> [About this exercise] Word for word, restate the lines from the one containing "Stylish strapless jumpsuit" through the last line of the material, and include no pictures.

> [Recorded data]
****************************************
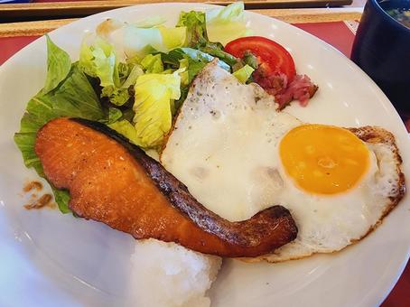 納豆・卵焼き・焼き鮭。THE和食のワンプレート朝ごはん。
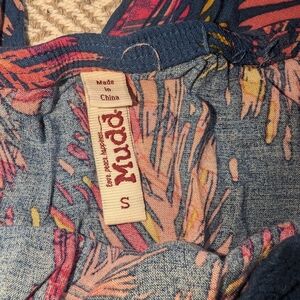 Stylish strapless jumpsuit by Mudd. Features a vibrant blue and orange pattern. Perfect for casual outings.
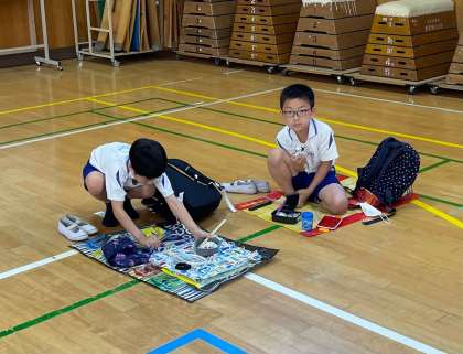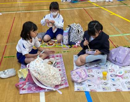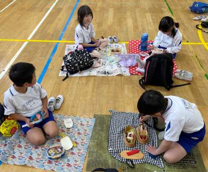 体育館にシートを広げ、少しだけ遠足気分でおいしいおべんとうをいただきました。
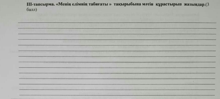 Біздің еліміздің табиғаты өте ерекше. Жыл мезгілінің қай тұсын алсаң да, я қаламыз, я ауылымыз жайнап тұрады. мысалы қыс мезгілін алсақ, терең тыныс алатын таза ауа, ақ көрпесін жамылған жер, екі беттері алмадай боп шана тепкен балалар. Ал, енді көктемге мезгіліне сипаттама берсек, жан-жақтың бәрі көгеріп, жер астынан бәйшешегіміз бүршік атып шығады, Жаз нағыз жеміс-жидектің пісіп, балалардың мәз-мейрам болатын уақыты. Күзге тоқталсақ, бұл жыл мезгілі әсіресе ақын аға-апаларымыз тілін түсіне білетін алтын уақыт.
****************************************
> [Response]
 Stylish strapless jumpsuit by Mudd. Features a vibrant blue and orange pattern. Perfect for casual outings.
 体育館にシートを広げ、少しだけ遠足気分でおいしいおべんとうをいただきました。
 Біздің еліміздің табиғаты өте ерекше. Жыл мезгілінің қай тұсын алсаң да, я қаламыз, я ауылымыз жайнап тұрады. мысалы қыс мезгілін алсақ, терең тыныс алатын таза ауа, ақ көрпесін жамылған жер, екі беттері алмадай боп шана тепкен балалар. Ал, енді көктемге мезгіліне сипаттама берсек, жан-жақтың бәрі көгеріп, жер астынан бәйшешегіміз бүршік атып шығады, Жаз нағыз жеміс-жидектің пісіп, балалардың мәз-мейрам болатын уақыты. Күзге тоқталсақ, бұл жыл мезгілі әсіресе ақын аға-апаларымыз тілін түсіне білетін алтын уақыт.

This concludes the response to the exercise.